She said, "If the Builders were active all over the galaxy, that explains a lot of things." She added, "Kallik and Atvar H'sial can tell you—" Then she paused.
She had been going to say that the Hymenopt and the Cecropian probably knew as much about the Builders as she did. Unfortunately, Kallik and Atvar H'sial were aboard the
Have-It-All
, along with Nenda, J'merlia, and the hulking Zardalu, Archimedes.
She glanced up to the display. The flashing beacon of the other ship was pulsing at a higher rate.
"E.C., that's a Bose entry signal. They're about to make another transition."
"That is correct. Another, and the final one."
"So soon?"
"As I said, this last stage of the journey is short and simple.

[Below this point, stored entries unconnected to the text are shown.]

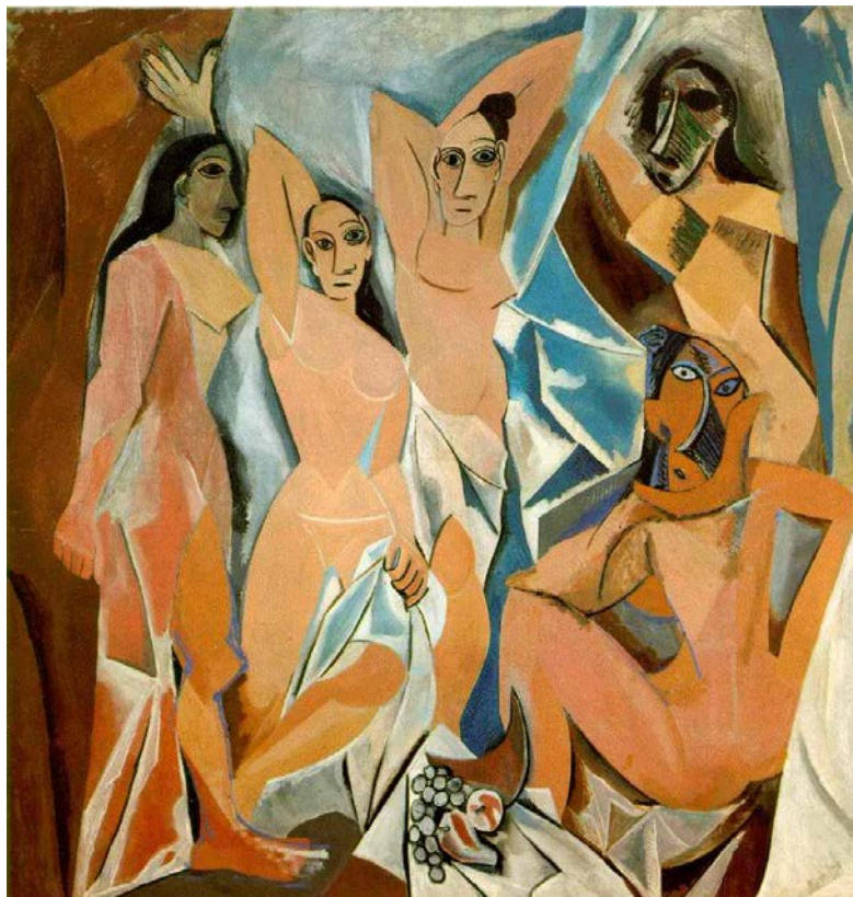
Lámina nº 4. Las señoritas de Avignon (1907), de Pablo Picasso, Museo de Arte Moderno de Nueva York.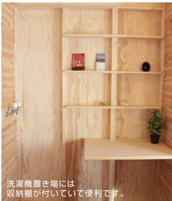
洗濯機置き場には収納棚が付いていて便利です。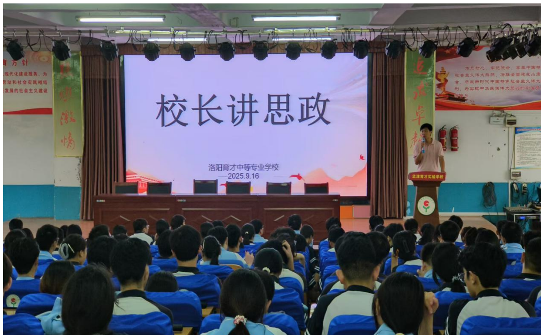
图 2.1-1 感悟思想伟力，勇担时代使命

丰富主题教育活动：常态化开展“技能成才 强国有我”“红色故事我来讲”等主题活动，通过红色经典诵读、主题团日、志愿服务等形式，厚植学生家国情怀。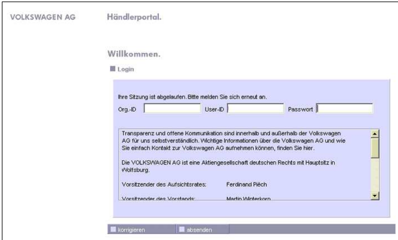
Abb. 1.2 Zur Nutzung ist die Anmeldung am Händlerportal notwendig.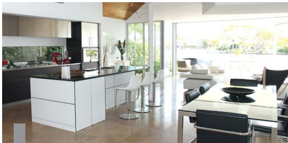
Die Vermietung möblierter Wohnungen hat Vorteile für Mieter und Vermieter.

Die Vermietung möblierter oder teilmöblierter Wohnungen wird immer beliebter, zum Beispiel, um den Umzug für alte und neue Mieter zu vereinfachen oder weil das Angebot dem Trend zum temporären Wohnen folgt. Vermieter sollten sich aber genau erkundigen, welchen Aufschlag sie für die Möblierung berechnen, wenn sie steuerliche Vorteile erzielen wollen. In einem Fall vor dem Bundesfinanzhof (BFH, Az. IX R 14/17) hatten Eltern ihrem Sohn eine teilmöblierte Wohnung vermietet. Darin befanden sich eine neue Einbauküche, eine Waschmaschine und ein Trockner. In ihrer Steuererklärung machten sie Einkünfte aus Vermietung und Verpachtung geltend. Sie unterließen es, für die vermieteten Geräte die ortsübliche Vergleichsmiete gesondert anzugeben, berücksichtigten die überlassenen Gegenstände jedoch nach dem Punktesystem des Mietspiegels. Das Finanzamt erkannte die Werbungskostenüberschüsse nicht in voller Höhe an, weil es von einer verbilligten Vermietung der Wohnung ausging. Laut BFH ist bei der Überlassung von Möbeln immer auch ein Möblierungszuschlag anzusetzen.

Unless they return a warning drone after Bose node entry, our own transition is only a few minutes away. However, as to my earlier question, and our discussion of it—"
"Not now, Tally. If you don't mind, I'd rather not talk."
Unlike E.C., Darya definitely did have circuits for emotion. At the moment they were close to shorting out with overload. So many elements were converging. Louis Nenda was about to take a leap into unknown dangers—she found it hard to forgive herself for refusing his simple request for a meal together; mixed with worry for Louis came the excitement of encountering a new stellar system that sounded like nothing anyone had ever seen; and finally, most powerful of all, there was the promise of renewed Builder interaction. That hit her like strong wine after a two-year drought.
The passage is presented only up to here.